Nous ne sommes pas complètement « victimes innocentes » dans cette affaire. Nous, c'est-à-dire les instits, les "de gauche",  les républicains, les pédagogues, les syndicalistes ou les militants de l'école "nouvelle"…

Adeptes de la modernité, nous avons laissé filer la tradition humaniste du métier avec l'eau du bain.

Enfermés dans des batailles à court terme, nous n'avons pas su voir plus loin que le petit périmètre de nos revendications.

Intimidés par les discours des experts, nous avons accepté les techno-logiques (comme dit David Corneille) dans nos pratiques.

Dépossédés du point de vue d'ensemble, nous nous sommes fourvoyés dans des impasses… et nous avons commencé à perdre notre âme.


Je propose ici une mosaïque de réflexions, les unes argumentées, les autres plus intuitives, sur les bouleversements de l'école que nous avons vécus et qui ont préparé le terrain à la résignation. Le lecteur aura peut-être du mal à retrouver un lien direct avec le sujet, voire peut-être une cohérence. Le fil logique de tout cela n'est pas toujours encore très clair pour moi. Si je devais en dérouler un, d'emblée, ce serait celui d'une histoire d'instit (la mienne) et de son ressenti.


*Sortir du petit périmètre


Elle ne verrait de la mer que chaque vague, l'une après l'autre,

 et ne comprendrait pas la houle et son immense mobilité,

ni les promesses et les dangers qu'elle recèle.


(Note technique : au rugby, quand on dit qu'on joue dans le petit périmètre, c'est qu'on reste cantonné autour des regroupements et qu'on n'envoie pas la balle au large… C'est un choix qui peut s'avérer utile quand on n'a pas confiance dans ses capacités ou quand on est sur la défensive.
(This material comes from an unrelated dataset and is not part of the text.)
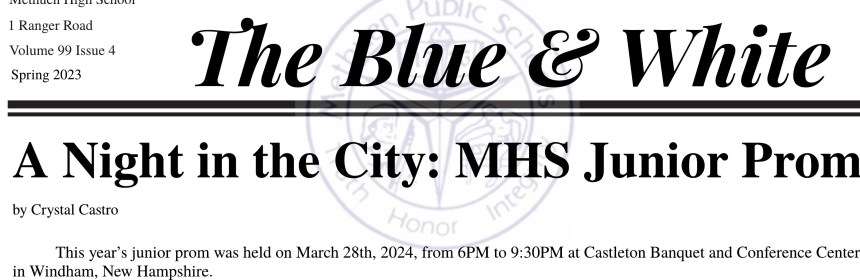 By Crystal Castro This year’s junior prom was held on March 28th, 2024, from 6PM to 9:30PM at Castleton Banquet and Conference Center in Windham, New Hampshire. Junior Class Advisor, Caitlin Canane, alongside the junior prom committee, worked tirelessly for weeks on end to transform the venue into a cityscape, with centerpieces resembling major cities like Las Vegas and New

C'est un jeu qui peut faire gagner sur un match, mais rarement sur une saison).


La bataille contre la Base élèves a été perdue par la profession en juillet dernier parce qu'elle a joué dans le petit périmètre. Elle n'a pas su voir plus loin, aveuglée par le débat sur les items et notamment sur celui de la nationalité et des sans-papiers… ce n'est finalement qu'un aspect secondaire, ou simplement une conséquence possible de la mise en place du fichier nominatif centralisé.

Nous savons maintenant - et nous commençons à être crédible là-dessus - que le point central est celui du numéro d'identification.
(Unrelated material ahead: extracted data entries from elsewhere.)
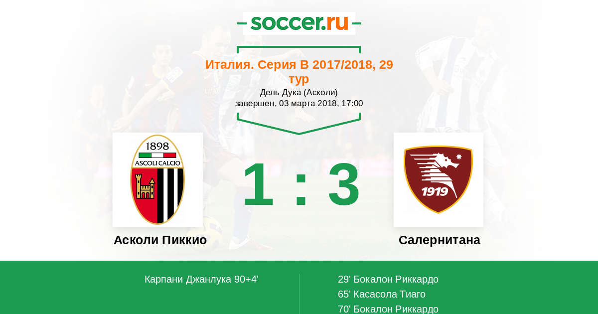 Протокол матча Асколи Пиккио против Салернитана
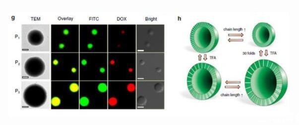當(dāng)加入三氟乙酸試劑之后,即可調(diào)控氫鍵的相互作用,實(shí)現(xiàn)囊泡的可逆"呼吸"。同時(shí),囊泡的尺寸也能在5-30倍的范圍內(nèi)實(shí)現(xiàn)可逆變化。
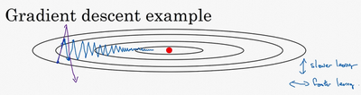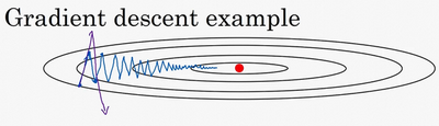 回忆一下我们之前的例子,如果你执行梯度下降,虽然横轴方向正在推进,但纵轴方向会有大幅度摆动,为了分析这个例子,假设纵轴代表参数$b$,横轴代表参数$W$,可能有$W_{1}$,$W_{2}$ 者其它重要的参数,为了便于理解,被称为$b$ $W$。
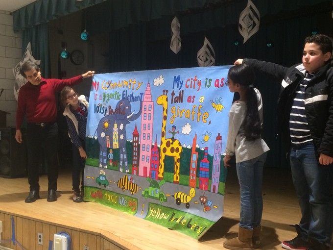 Painting Non Profit Mural Arts in Education Red Hook Unveiling School Education Brooklyn Arts Children Artist Teaching Teaching Artist CWPNYCStudents in the 3rd and 4th grade at a Brooklyn CWP Residency celebrated the unveiling of a mural painted the previous year's 3rd grade students. Each student had a hand in painting the mural, which now hangs in the entry way of thier school.
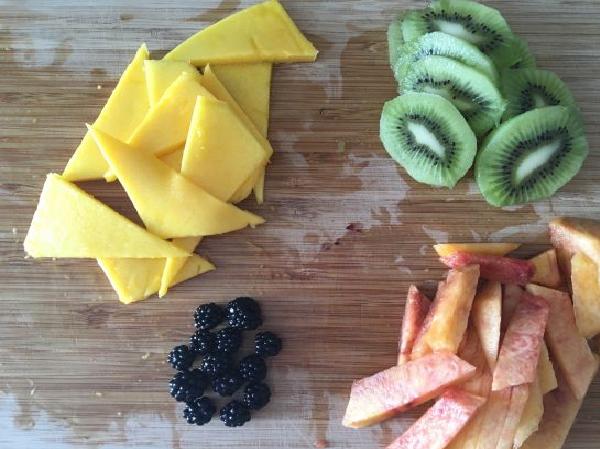 • Se pelan las frutas y se pican de la siguiente manera: el mango en forma de triangulo, el kiwi en rodajas, y el melocotón en formas irregulares.

Aujourd'hui encore, pour beaucoup d'entre nous, la résistance à la Base élèves est une ligne dans le catalogue des résistances alors, qu'à mon sens, elle va au-delà des questions strictement politiques : la mise en place du fichier national n'est pas une invention de Darcos (elle a commencé en 2004); elle ne sera pas résolue par la démission du Ministre, ni par la défaite de Sarkozy aux élections… parce que le projet vient de beaucoup plus loin et résistera aux péripéties à venir. Il touche à des questions de fond qui se posent depuis longtemps à l'école et à la société sans qu'elles aient pris jusqu'à maintenant ce caractère déterminant.

Je crois que notre hiérarchie ne ment pas sur un point : le projet de la Base élèves est aussi un projet de gestion de l'éducation nationale, en gestation depuis longtemps dans les bureaux du ministère. L'équipe en place ne fait qu'achever un travail préparé par toutes celles qui l'ont précédée.  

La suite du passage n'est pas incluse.